The global copper market experienced a supply surplus of 147 thousand tons in the first eight months of the year, according to the International Copper Study Group. Rising mine production and stronger metal production, particularly in China and the Democratic Republic of Congo, have contributed to this surplus. These two nations account for 57% of global production.
While the surplus is lower than last year’s 477 thousand tons during the same period, the supply situation has shown improvement since June. Despite this, the sharp rise in copper prices linked to supply concerns may not be entirely warranted.
The global copper market showed a supply surplus of 147,000 tons through August 2025. While this is a significant improvement from the 477,000-ton surplus we saw at the same point in 2024, the supply picture has been strengthening since June.

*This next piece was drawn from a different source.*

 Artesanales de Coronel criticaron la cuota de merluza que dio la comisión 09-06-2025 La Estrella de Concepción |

This suggests the fundamental support for higher prices is weakening.
This improving supply is visible in exchange inventories, which traders should watch closely. LME-registered warehouse stocks, for example, have climbed to over 155,000 tonnes this month, recovering steadily from the lows we saw back in the second quarter. This physical inventory build-up confirms that production is indeed outstripping immediate demand.

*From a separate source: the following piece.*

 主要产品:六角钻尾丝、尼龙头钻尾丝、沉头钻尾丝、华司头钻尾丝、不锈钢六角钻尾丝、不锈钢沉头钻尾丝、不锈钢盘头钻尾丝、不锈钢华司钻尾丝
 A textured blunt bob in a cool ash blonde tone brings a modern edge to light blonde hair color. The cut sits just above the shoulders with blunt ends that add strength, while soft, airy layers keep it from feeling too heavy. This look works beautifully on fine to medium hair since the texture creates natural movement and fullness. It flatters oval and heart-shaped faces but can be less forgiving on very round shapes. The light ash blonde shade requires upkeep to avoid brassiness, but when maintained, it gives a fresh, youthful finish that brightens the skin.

On the demand side, recent data from China, which consumes over half the world’s copper, suggests a fragile recovery. The latest Caixin Manufacturing PMI for September came in at a lukewarm 50.1, indicating that factory activity is barely expanding. Sluggish demand from the world’s largest consumer makes it difficult to justify a sustained price rally.
Given this backdrop, the recent price spike appears disconnected from fundamentals, presenting an opportunity. Traders might consider buying put options to profit from a potential price drop below key technical support levels. Alternatively, selling out-of-the-money call options or establishing bear call spreads could capitalize on the view that further upside is limited.

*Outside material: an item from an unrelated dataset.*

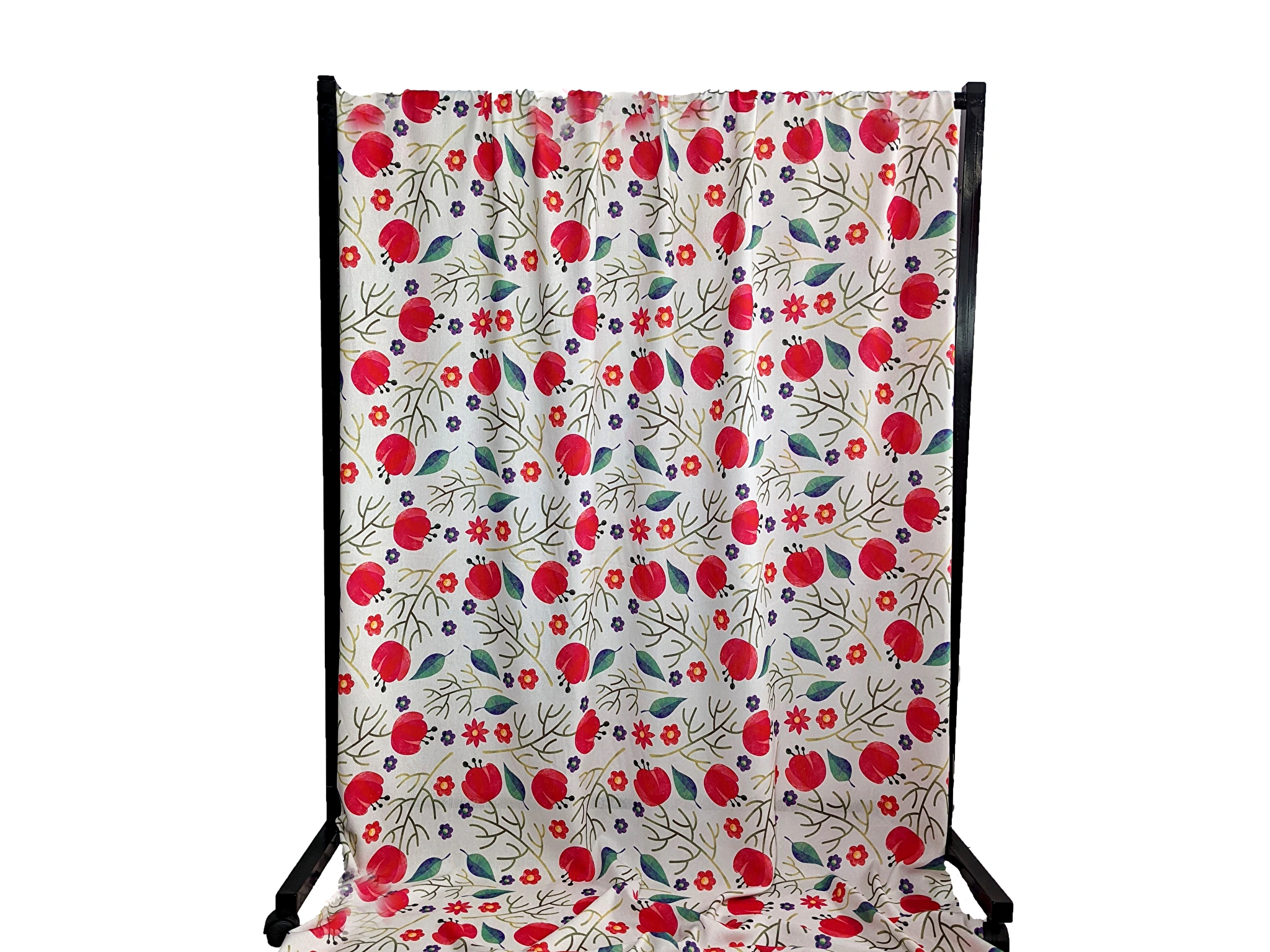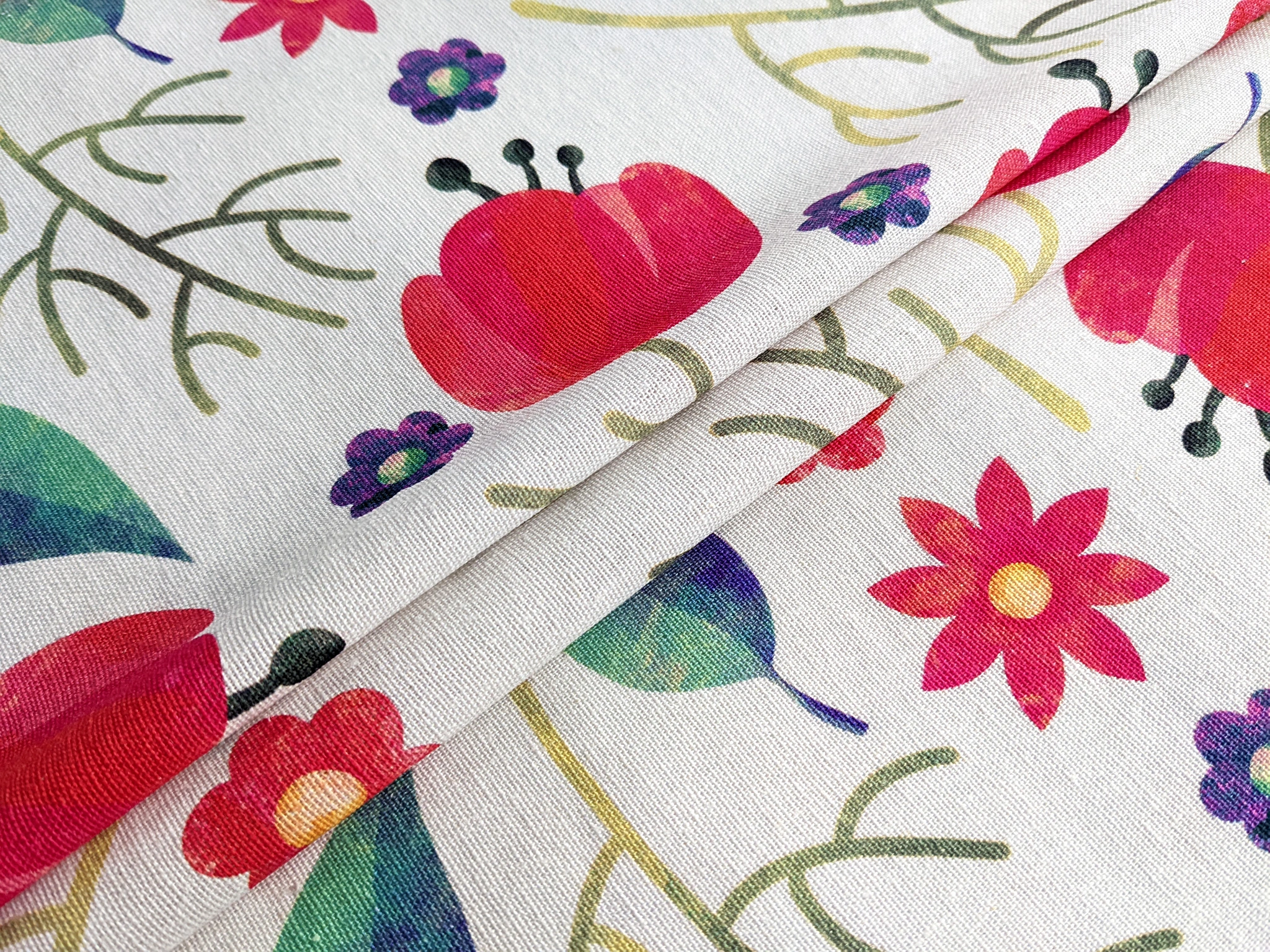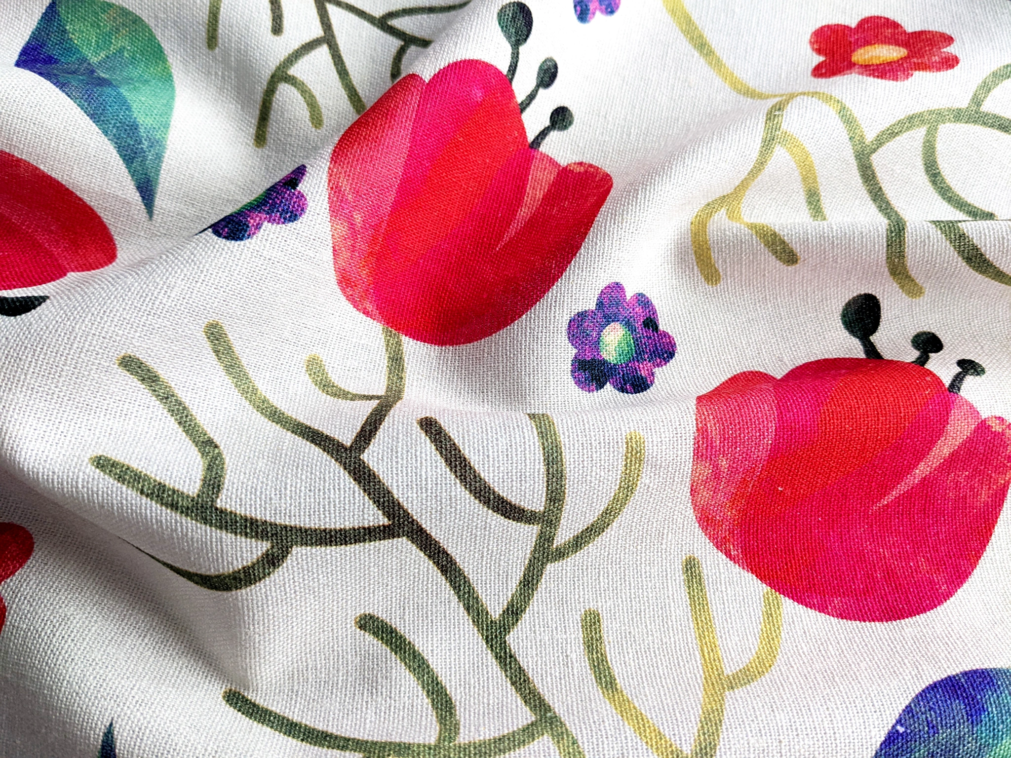 Льон віскоза тюльпани, червоний с зеленим

We’ve seen similar situations before, such as the volatility spikes in 2022 when supply disruption fears temporarily drove prices higher against a weakening global economy. Those rallies often corrected once the market refocused on broader macroeconomic demand weakness and actual inventory levels. This historical pattern suggests caution is warranted for those chasing the current upward momentum.
The sharp price increase has also likely pushed up implied volatility in the copper options market. This makes strategies that involve selling option premium particularly attractive for those who believe prices will either fall or move sideways in the coming weeks. A drop in volatility, known as “vega crush,” would benefit these positions even if copper prices simply stabilize.